- Born: April 17, 1995 (age 30) Plzeň, Czech Republic
- Height: 6 ft 3 in (191 cm)
- Weight: 185 lb (84 kg; 13 st 3 lb)
- Position: Left wing
- Shoots: Left
- Ligue Magnus team Former teams: Etoile Noire de Strasbourg Mountfield HK
- Playing career: 2014–present

= Ondřej Kopta =

Czech ice hockey left winger

Ondřej Kopta (born April 17, 1995) is a Czech professional ice hockey left winger playing for Aigles de Nice of the Ligue Magnus.

Kopta began his career playing junior hockey for HC Plzeň before spending two seasons in North America. He played the 2011–12 season with the Texas Tornado of the North American Hockey League and the 2012–13 season with the Niagara Ice Dogs of the Ontario Hockey League before returning to Plzeň.

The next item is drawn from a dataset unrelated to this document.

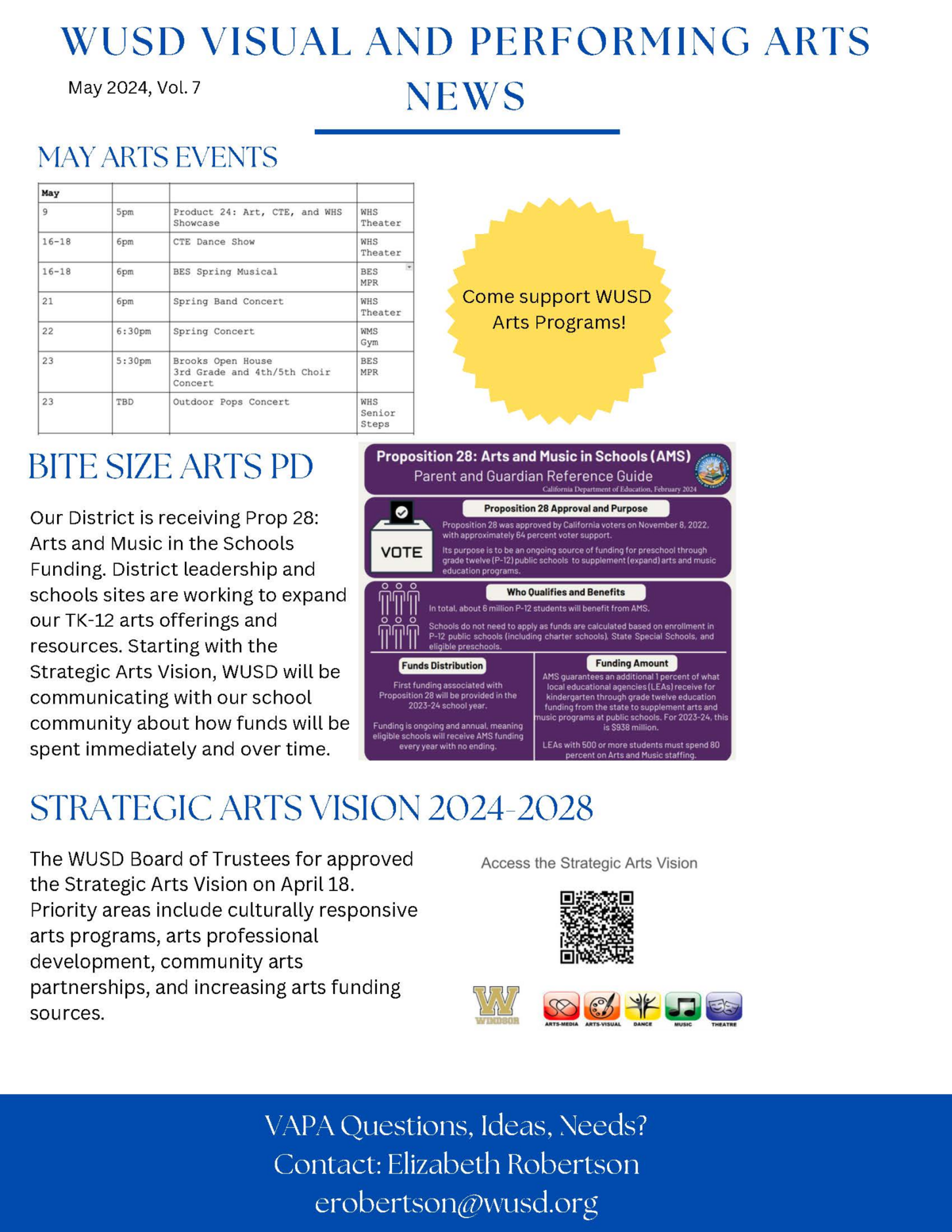 Yearbooks have arrived! Pre-purchased books and accessories will be distributed on Tuesday, May 28th, during first period. Copies can still be purchased on the student store website or in person, after school on Tuesday in the front office for $55. There are only 15 copies left! If you have any questions, please contact ddiaz@wusd.org.

On July 3, 2014, Kopta moved to Mountfield HK and made his debut for the main roster during the 2014–15 Czech Extraliga season. He would go on to play in 58 regular season games for the team from 2014 to 2017. He also had loan spells in the 1st Czech Republic Hockey League with BK Havlíčkův Brod, HC Stadion Litoměřice, HC Slavia Praha, VHK Vsetín and HC ZUBR Přerov.

On June 21, 2019, Kopta moved to France and joined Aigles de Nice of the Ligue Magnus.